Display connectors in networking equipment

It seems that networking equipment vendors have some tradition of using display connectors for other purposes.

HP, Dell and Netgear use HDMI cables for stacking networking switches. According to this Serverfault answer, a HDMI 1.3 or 1.4 compliant cable is needed for achieving the near 10Gbit theoretical throughput on Netgear hardware. The HDMI spec has specified the HDMI Ethernet Channel (HEC), but that is only 100BASE-T, so these vendors have made a different implementation.

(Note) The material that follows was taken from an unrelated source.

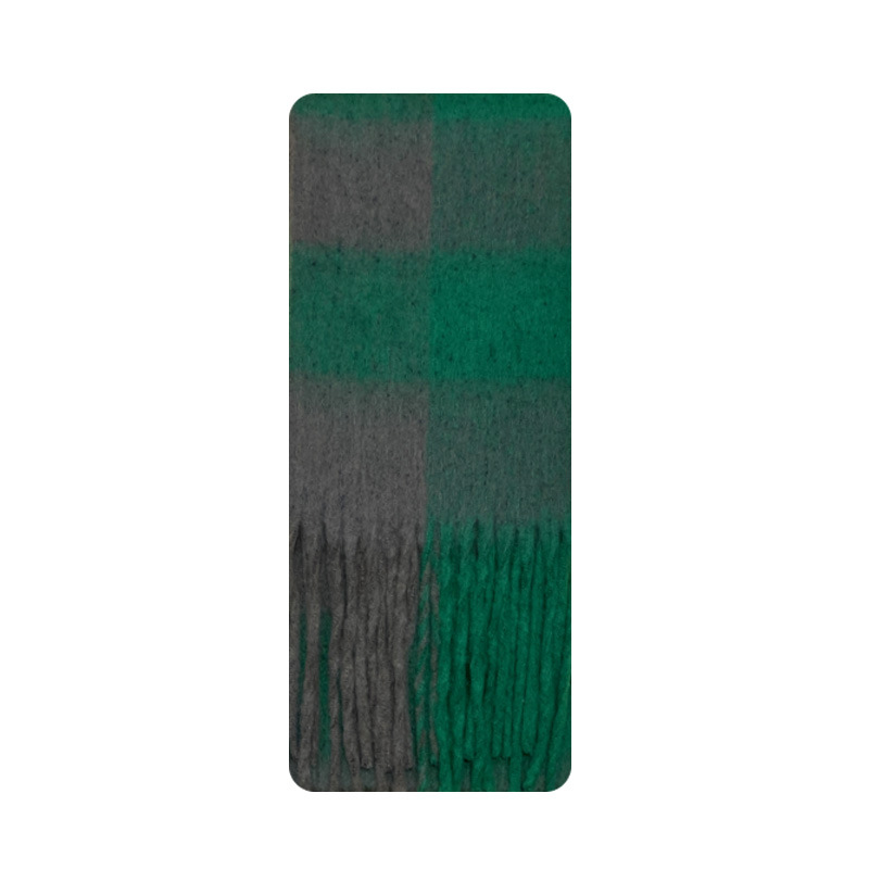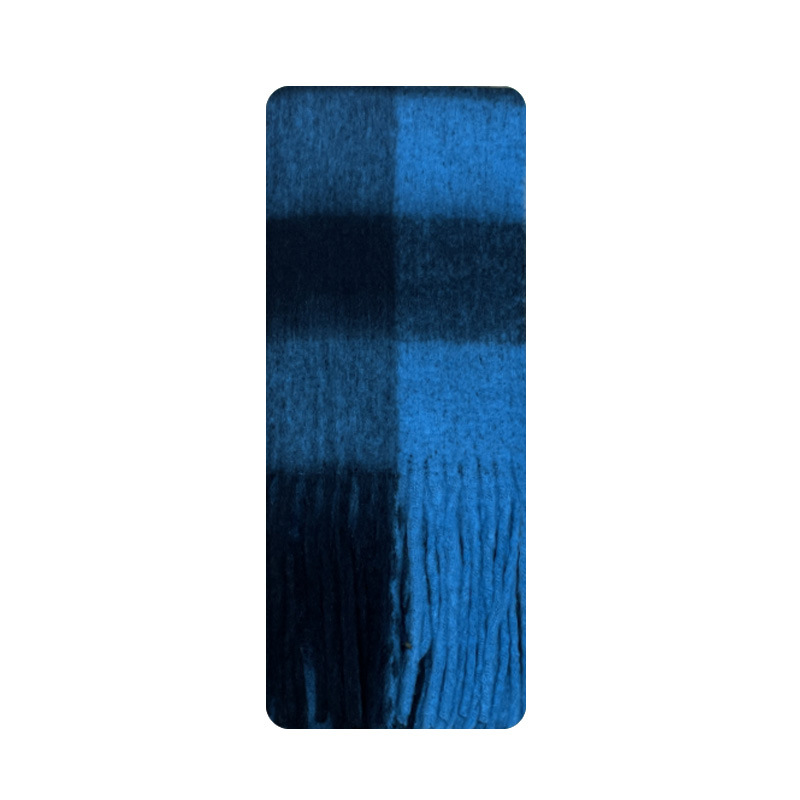Korean niche designer's extended tassel chessboard plaid imitation cashmere scarf for women's winter atmosphere feeling scarf

Cisco is known to use the 60-pin low-force helix connector for their legacy Serial WAN Interface Card (WIC-T1). It is typically used as a display connector on workstations, because it enables connecting up to 4 displays through a single connector.

Connector

3Com used the DB13W3 with the Dual Speed Hub 500 for a redundant DC power supply connection. Even though the connector itself is slightly different because the pins in the large holes are missing, a standard DB13W3 cable seems to fit. I don’t have this hub so I haven’t tested it myself, but I would be suprised if it doesn’t fit. I hope nobody their office burned down because a DB13W3 intended for displays was used instead.

Connector

The connector is specified further in the manual:

Number 8 description

Legality

If there isn’t a patent or copyright on the design of the connector and the official logo or name is not used, then I think it’s legal, but this does not seem to be the case with HDMI®.

The official Dell manual is calling it “HDMI Ports”, but those ports are certainly not implementing the HDMI protocol. I wonder if any lawyers would argue that this is a trademark infringement.